PROBLEM DESCRIPTION: Make an exact copy, from the records below, of the lines from the line containing "Воинская часть: 2" to the line containing "рассматриваю в качестве", both lines included, excluding pictures.

EXTRACTED RECORDS:
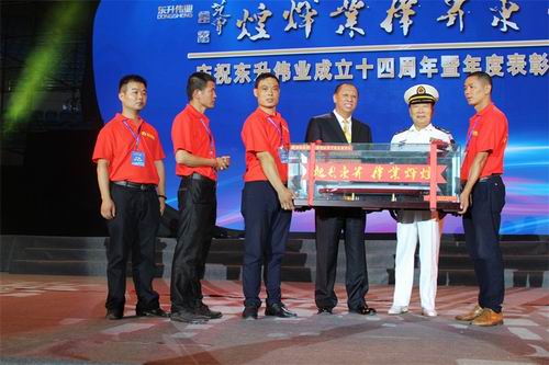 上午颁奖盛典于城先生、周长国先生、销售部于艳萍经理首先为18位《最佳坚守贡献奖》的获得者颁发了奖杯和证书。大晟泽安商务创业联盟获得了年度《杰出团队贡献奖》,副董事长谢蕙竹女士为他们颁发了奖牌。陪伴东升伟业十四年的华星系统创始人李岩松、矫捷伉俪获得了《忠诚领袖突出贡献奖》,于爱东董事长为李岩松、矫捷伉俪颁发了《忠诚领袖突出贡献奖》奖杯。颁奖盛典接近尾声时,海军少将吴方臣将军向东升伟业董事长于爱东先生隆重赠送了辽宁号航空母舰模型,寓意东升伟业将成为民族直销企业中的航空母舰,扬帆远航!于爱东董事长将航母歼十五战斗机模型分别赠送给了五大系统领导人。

==

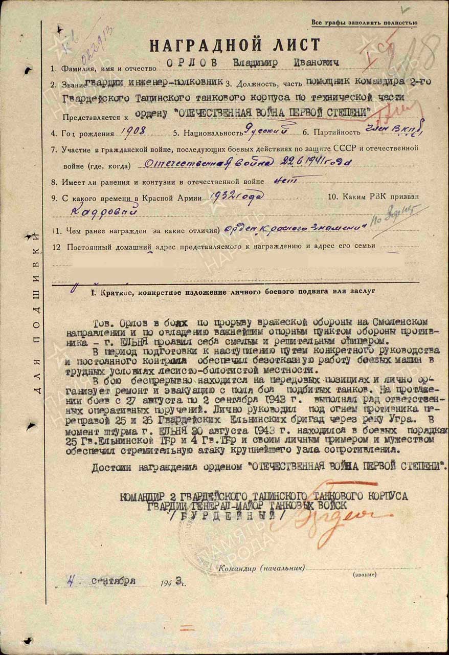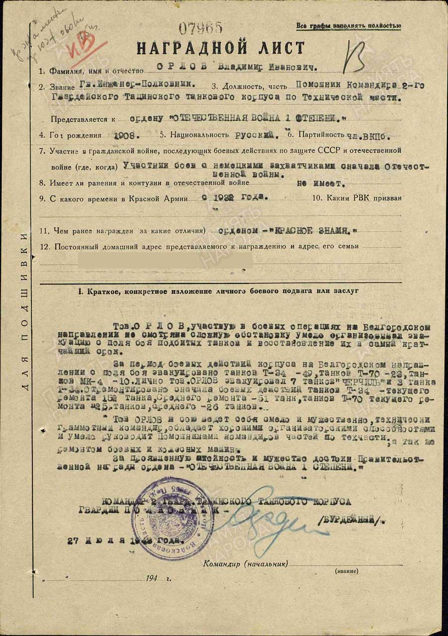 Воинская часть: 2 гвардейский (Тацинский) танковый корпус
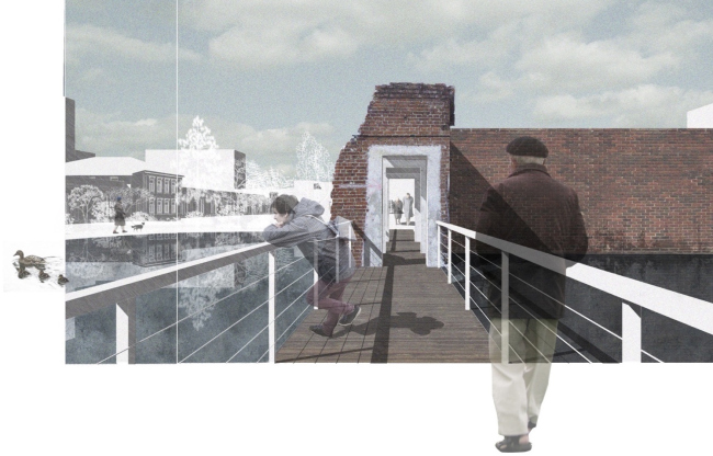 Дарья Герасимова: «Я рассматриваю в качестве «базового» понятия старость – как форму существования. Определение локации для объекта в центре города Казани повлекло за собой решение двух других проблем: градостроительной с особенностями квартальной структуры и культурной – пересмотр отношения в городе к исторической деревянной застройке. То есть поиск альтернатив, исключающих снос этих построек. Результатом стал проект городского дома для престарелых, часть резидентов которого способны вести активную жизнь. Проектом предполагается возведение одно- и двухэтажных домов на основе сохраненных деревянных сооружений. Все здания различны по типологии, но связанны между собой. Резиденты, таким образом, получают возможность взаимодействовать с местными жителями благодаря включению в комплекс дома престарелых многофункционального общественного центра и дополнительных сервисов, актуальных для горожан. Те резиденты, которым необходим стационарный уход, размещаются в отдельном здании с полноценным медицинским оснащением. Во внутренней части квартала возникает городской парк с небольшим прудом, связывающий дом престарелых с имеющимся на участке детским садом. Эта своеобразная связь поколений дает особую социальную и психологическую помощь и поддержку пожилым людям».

PROBLEM SOLUTION:
 Воинская часть: 2 гвардейский (Тацинский) танковый корпус
 Дарья Герасимова: «Я рассматриваю в качестве «базового» понятия старость – как форму существования. Определение локации для объекта в центре города Казани повлекло за собой решение двух других проблем: градостроительной с особенностями квартальной структуры и культурной – пересмотр отношения в городе к исторической деревянной застройке. То есть поиск альтернатив, исключающих снос этих построек. Результатом стал проект городского дома для престарелых, часть резидентов которого способны вести активную жизнь. Проектом предполагается возведение одно- и двухэтажных домов на основе сохраненных деревянных сооружений. Все здания различны по типологии, но связанны между собой. Резиденты, таким образом, получают возможность взаимодействовать с местными жителями благодаря включению в комплекс дома престарелых многофункционального общественного центра и дополнительных сервисов, актуальных для горожан. Те резиденты, которым необходим стационарный уход, размещаются в отдельном здании с полноценным медицинским оснащением. Во внутренней части квартала возникает городской парк с небольшим прудом, связывающий дом престарелых с имеющимся на участке детским садом. Эта своеобразная связь поколений дает особую социальную и психологическую помощь и поддержку пожилым людям».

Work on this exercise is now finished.